Another concern is that such nomenclature impedes national health responses. By December 2019, the U.S. and some other countries had already started terming the novel coronavirus as the ‘China’ or ‘Chinese’ virus. The shame of being the origin country might result in domestic cover-ups, underplaying deaths, and fudging data — making it hard to gauge the scale of the crisis, experts say. A CNN report in December last year revealed that China underreported Covid19 cases, gave the world “optimistic data,” and failed to disclose an earlier influenza outbreak in another province in December 2019. This, along with the waning public healthcare system and mismanagement, resulted in the severe outbreak in Wuhan.
The most concerning impact of labeling diseases or outbreaks based on nationalities is that it triggers misinformation, prejudice against racial and ethnic groups, and peels back the focus from science-based interventions.

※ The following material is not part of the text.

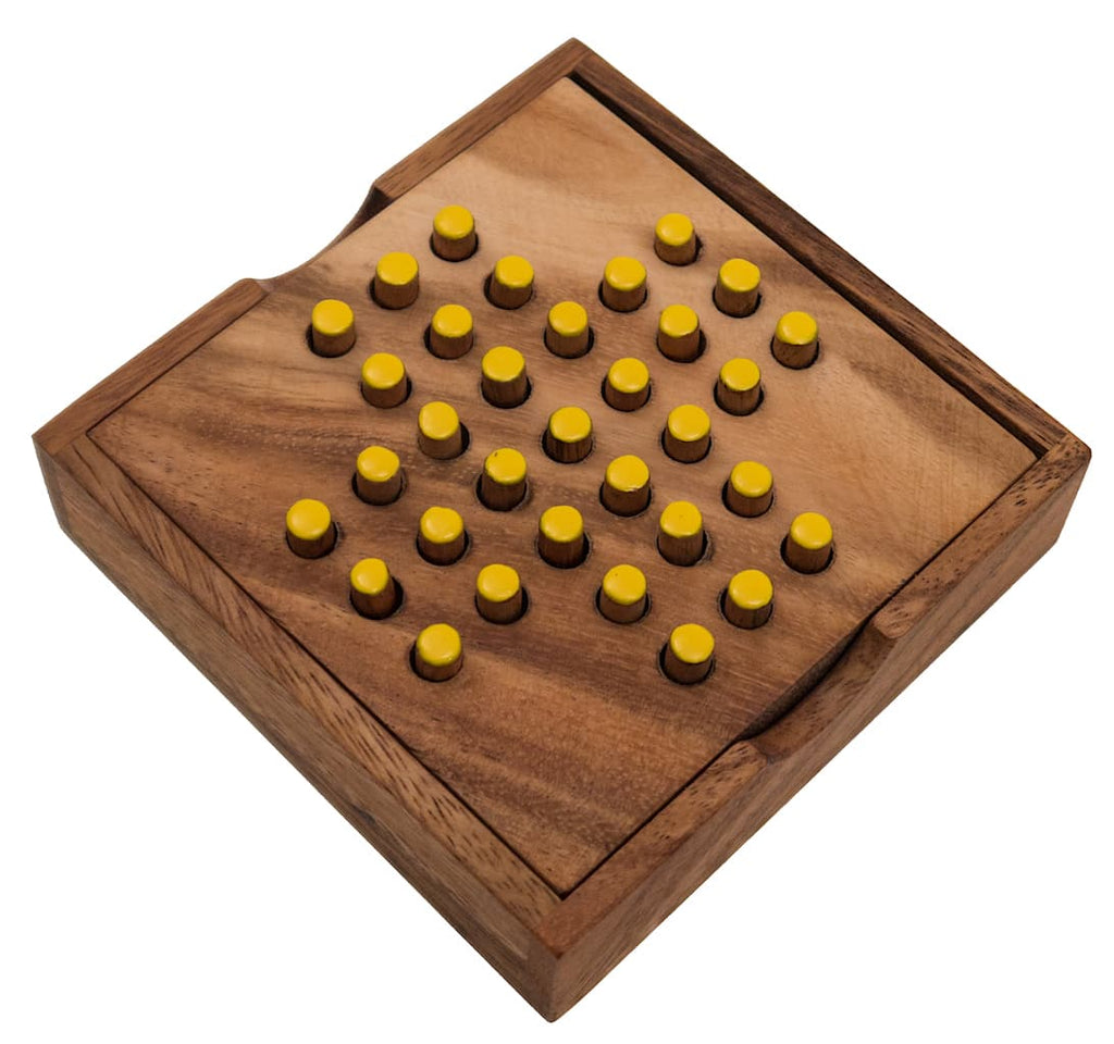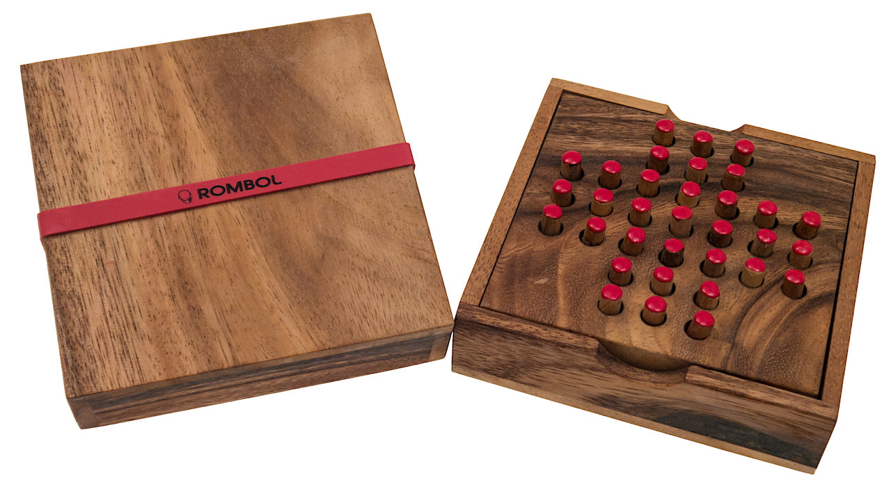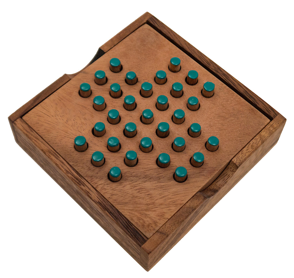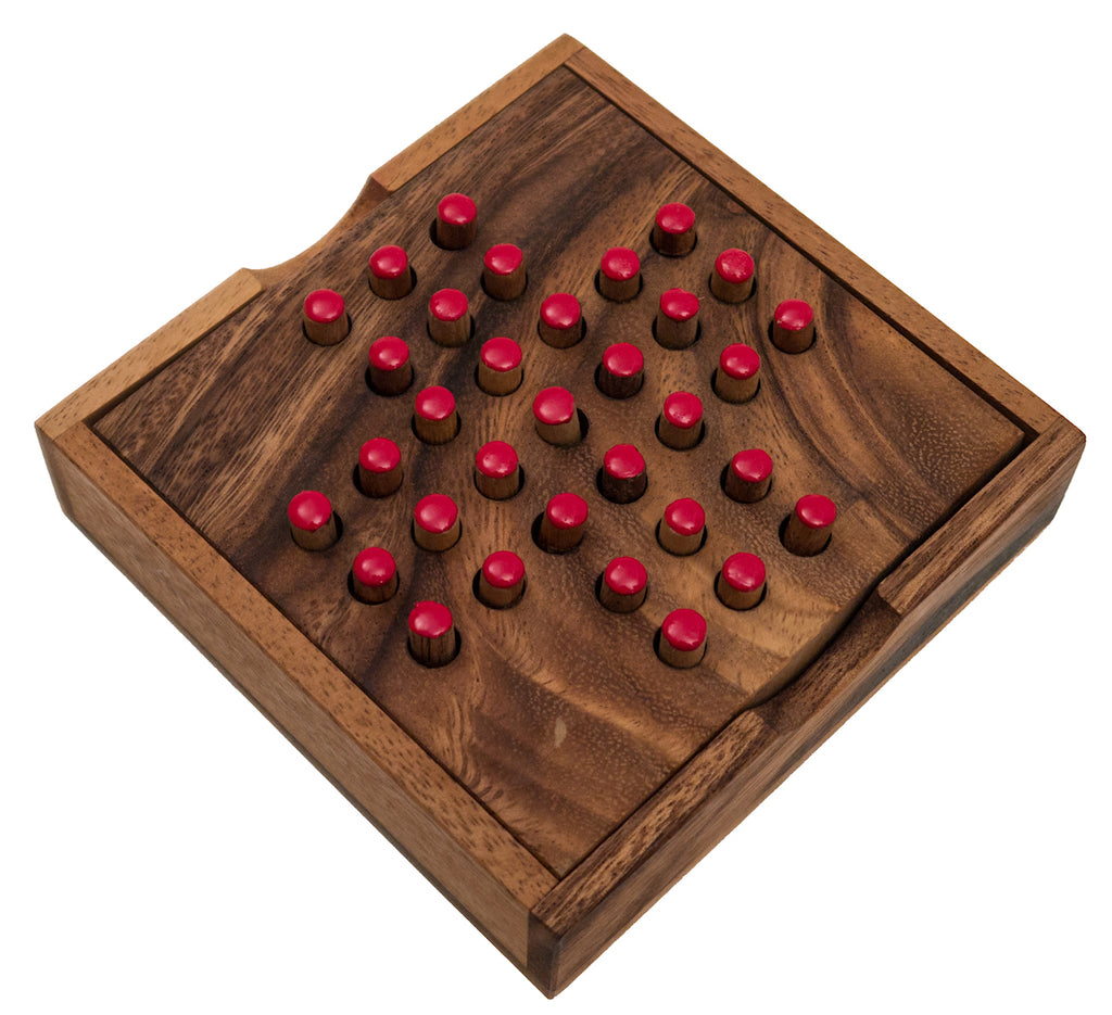 This simple yet exciting and entertaining game is popular with young and old alike. The rules are very simple, so even children can play it on their own very quickly. Once you've found the familiar solution (only one piece remains on the board, in the middle), you can specify many more starting and finishing positions.

The novel coronavirus and its origin in China have had a ruinous impact on Asian nationals in other countries — anti-Asian crime and hate speech have risen in the U.S., Europe, and other Western nations since the pandemic began. By March 2021, major U.S. cities recorded a 150% rise in hate crimes against Asian Americans. The pandemic has unleashed a wave of racism and discrimination. Katie Baca, a science historian at Harvard University, and Susana Bejar, an internal medicine physician, explain why pathogen naming has implications. They liken the geography-based naming to the way HIV was called the “gay virus” until 1982; this not only exacerbated stigma but also made diagnosis and recovery impossible.

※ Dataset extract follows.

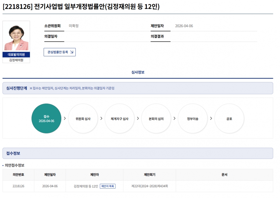 국회철강포럼 소속의원인 김정재 의원은 6일, 철강산업의 경쟁력 회복을 뒷받침하기 위해 ‘전기사업법 일부개정법률안(의안번호 2218126)’을 대표 발의했다고 밝혔다. 발의에는 국회의원 11명이 동참했다.

But as cognizance grows, media platforms and public health officials can take the first step in setting the right tone. When referring to new strains or variants, an effort could be made to use technical names in the communique: B.1.1.7 for the ‘U.K. variant,’ B.1.135 for the ‘South African variant.’ The country of origin such as the U.K., South Africa, Brazil, or now India, could be mentioned in continuation to make understanding easier — something like “the variant spreading in the U.K.”
Being considerate and conscious of the way we talk about new coronavirus variants is an old conversation, but one that will stand out in urgency for Indian nationals now. The variant found in India is linked to two unusual mutations — E484Q and L425R — and much has already been speculated about this ‘double mutant’ variant. It is still unknown how much of this variant has contributed to the second surge in India, which has skyrocketed Covid19 cases and deaths and left the health system in chaos.
“Stigma causes more than just hurt feelings,” Baca and Bejar remind us. “It kills.”